One of the knottier problems is getting agencies and districts to share information, which some observers say could help to thwart hacking gangs that tend to recycle the same attacks. Though it didn’t pass, Alabama introduced a law, praised by Hochleitner, that would have brought members of the public and students into decisions about how data is collected and used.
The bills also reflect a new emphasis on bringing the community in on decision-making. “We're pretty encouraged to see that there was pretty clear focus on non-policymaker audiences for data,” Hochleitner says.
Even so, policies alone aren’t enough. More than a third of the bills add additional responsibilities for districts, schools or postsecondary institutions, the DQC report says. But it’s a lot rarer for those bills to give schools more resources to actually implement those policies. “So we just always want legislators to be thinking about providing support for that capacity—because data requires people,” Hochleitner says.
‘Honey pots of highly sensitive information’
But is all this legislation poised to solve the data problems in education right now?
Policymakers are just beginning to open their eyes to the magnitude of school cybersecurity vulnerabilities, says one of the more prominent voices in this space, Doug Levin, national director of K-12 Security Information Exchange, a nonprofit threat intelligence and best-practices sharing community.
There’s often an overly narrow focus on data privacy issues, Hochleitner of Data Quality Campaign suggests. Those bills expand things like requirements for parental consent on data collection. But those sorts of policies can interfere with the ability of schools to provide essential services. So far, though, none of these overly broad “parental consent” bills introduced this year became law.
School districts—and teachers—are the ones actually using the data, says Cody Venzke, senior counsel for the Center for Democracy in Technology’s Equity in Civic Technology Project. And that means that any legislation has to walk a line between protecting student privacy and allowing schools to perform necessary services, he says.
One of the solutions that the DQC argues for is new data collection measures by states. The nonprofit points out that many of the latest legislative measures embrace this approach, with 120 of the bills either specifying new data collections or updates to existing ones.
But researchers like Levin worry that building up such troves of data is part of the problem in the first place.

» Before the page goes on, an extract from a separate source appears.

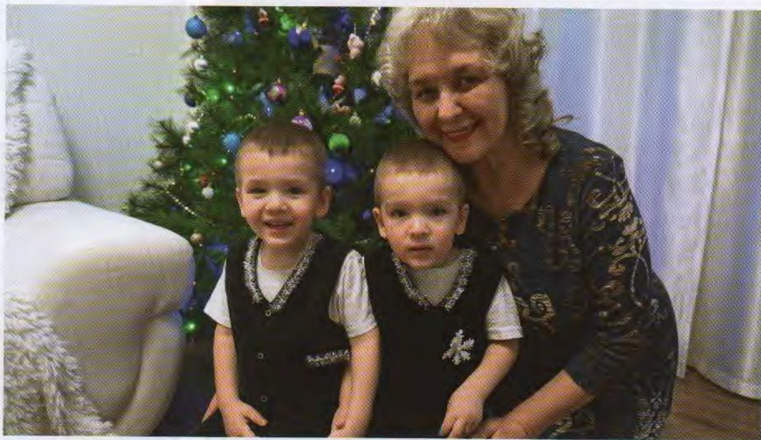
С внуками. Жизнь продолжается

State departments of education are fat targets, which haven’t historically been able to protect data, he argues.
“In an increasingly politicized country, creating these, essentially, honey pots of highly sensitive information about school community members—students, teachers, parents, families, educators—it’s almost guaranteed that it will be exploited at some point for either personal or political gain,” Levin says.

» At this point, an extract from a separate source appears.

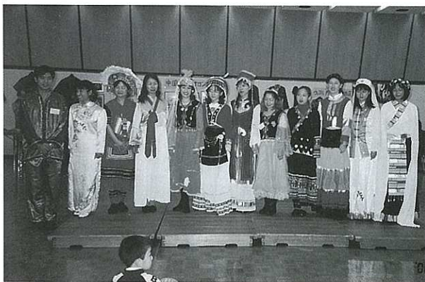
大廟会民族衣装ショー

ずっと、民間による草の根レベルでの交流を進め友好の輪を広げて、今年で満10年を迎えることになりました。

And there’s potential for misuse of the data by officials. Venzke’s organization, CDT, published a report in August suggesting that districts are using data to discipline students more often than to keep them safe. Post-Roe, Senators Elizabeth Warren and Edward Markey, of Massachusetts, suggested that the data collected by at least four student surveillance platforms—Gaggle, Bark Technologies, GoGuardian and Securly—could plausibly be used to punish students searching for information about reproductive care.
To Levin, this is a problem that the educational agencies—especially K-12 schools—need to take hold of, despite the fact that their resources are stretched thin already. “This is not something that somebody else is going to protect them from,” he adds. “There is no internet cop out protecting student data systems that is separate from what the schools are doing.”
But there are lessons from other sectors that can be learned, he says.
Disclosure agreements are a good start, he indicates. On example: California just passed a bill requiring states to report incidents affecting more than 500 students. And ultimately, the data collections at the state and regional level need to adopt a “cybersecurity risk management framework,” which are approaches to handling cybersecurity risk. There are several nationality recognized ones, he adds.